When you compare that big range in customer value to a blended cost per acquisition, the numbers stop being reassuring. If new customers can be worth so much more or less, it’s easy for a campaign to look good on paper but bring in the wrong people. This mistake happens often. For example, one industrial distributor ran a campaign that hit all its targets: cost per new account fell by 20% and volume went up. But no one checked who these new customers were. They bought once, cared only about price, and rarely came back. The same team had to serve both these new and long-term accounts. The older accounts brought in most referrals, but referrals dropped the next year and didn’t show up in any report, since there was no metric for them. By the measures used, the campaign still looked like a win.
Programs can look successful even as relationships with customers get weaker.
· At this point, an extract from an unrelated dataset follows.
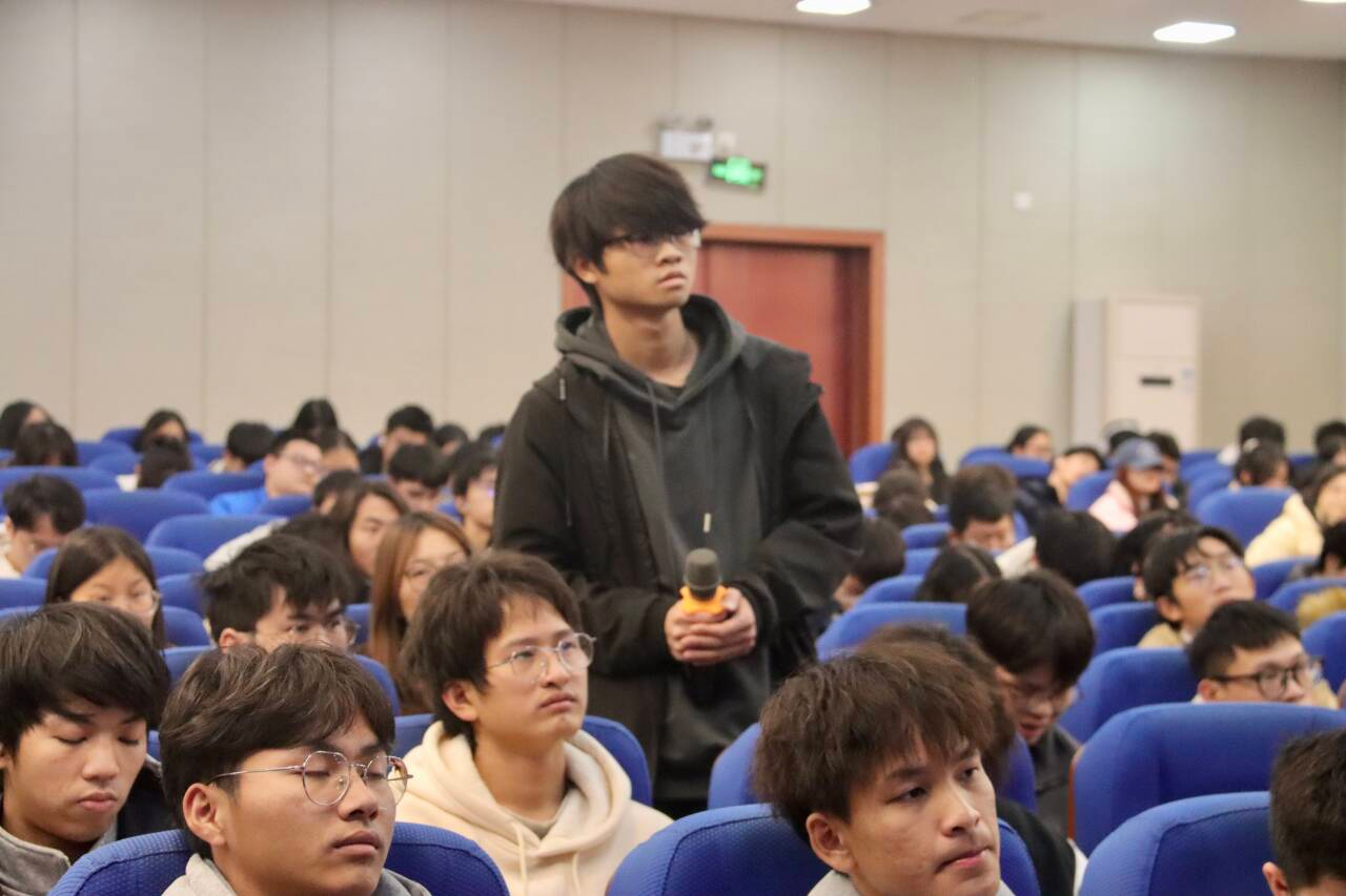 m88在线客服退伍师兄师姐在会上分享了参军经历和感触,为同学们答疑解惑,同时呼吁同学们响应国家号召,踊跃参军报国。
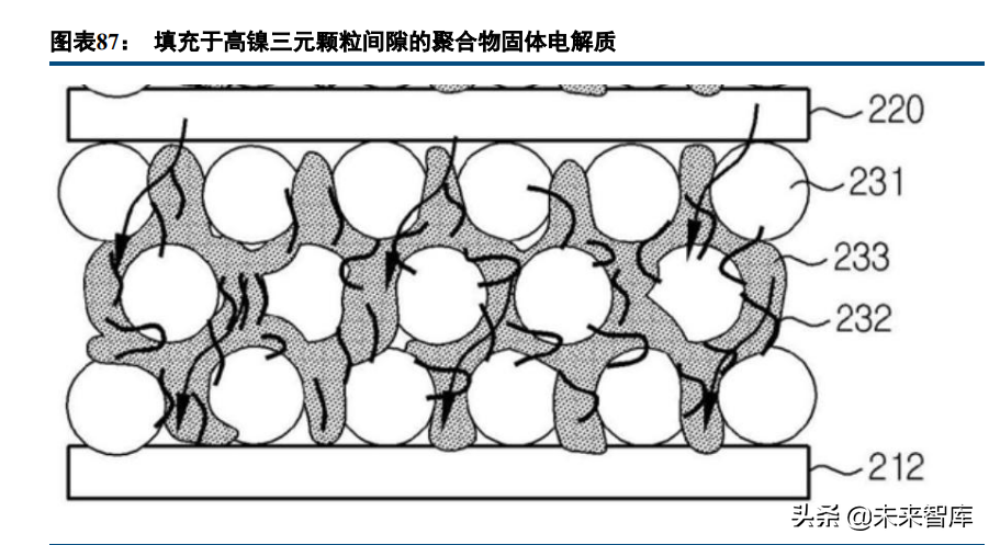 公布于2020年的专利CN112055909A描述了在电极材料之间填充聚合物固体电解质以改善电极-电解质材料接触的方法。从实施例看,正极使用高镍三元材料,并和PEO-LiFSI(溶剂丁腈,不同温度-时间退火干燥)复合,孔隙率约10%-超过20%;固态电解质层同样使用PEO-LiFSI;负极使用锂金属。实施例在4V截止电压下的放电比容量接近140mAh/g,低倍率循环30次后容量保持率在70%以上,优于比较例。

This problem isn’t just found in industrial distribution. It also shows up in consumer loyalty, where metrics focus on the program and not the real relationship. EY’s 2026 loyalty study makes this clear. Loyalty programs look good by standard numbers, but it’s not clear customers feel the same value (EY, 2026). Enrollment and ROI seem strong, but people join fewer programs, check rewards less, and feel less positive, even when the program works as planned. At the same time, churn is going up.
A program can look like it’s doing well and still be declining, because measurement only tracks the program itself. Enrollment counts sign-ups and ROI counts redemptions, but neither tells you if the real relationship is getting weaker. This is the same issue the distributor had, just in a different industry.
The good news is you don’t need a new platform to fix this. The three areas BCG talks about are about what you analyze, and the loyalty gap EY describes can be found in data most companies already have. What’s needed is someone willing to admit that measurement isn’t finished.
Here are four questions you should try to answer, even if you can’t right now.
You don’t need a big project to tackle these. The real benefit is finding out which ones you can’t answer yet.
Can you tell what your last campaign really added, apart from what would have happened anyway? If you can’t separate extra sales from normal sales, your ROI number is questionable at best.
Do you know how much your best and worst customers are worth, for each segment? A single average can’t show if you’re gaining or losing with new customers.
Which of your upper-funnel or nontraditional spending doesn’t have an agreed way to measure it? Not everything that’s unmeasured is unmeasurable, and the list is usually shorter than you think.
What could you change during a campaign, using measurement that updates automatically? This is where you’ll see the fastest results, and BCG’s approach assumes you have measurement that updates by itself.
Measurement often gets less funding because it never looks broken. If you treat it as something you need to maintain, your next budget talk will be based on real evidence, not just gut feeling.
Sources
BCG, “How CMOs Are Scaling GenAI in Turbulent Times,” June 2025 (published June 2, 2025; annual global survey, n=200 CMOs, fielded April and May 2025; “measurement ranked last” is a ranking of stated funding priorities, and the “blind spot” reading is BCG’s own).
Bain & Company, “Do Your B2B Customers Promote Your Business?,” February 2014 (the 3–12x promoter-to-detractor lifetime-value range is Bain’s observed range across client work, not a survey; varies by segment and industry; vintage dated in-article).
EY, “2026 EY Loyalty Study: the gap between performance and experience,” 2026 (third edition; cited directionally — the study’s published summary carries no isolated headline percentage, so no figure is quoted).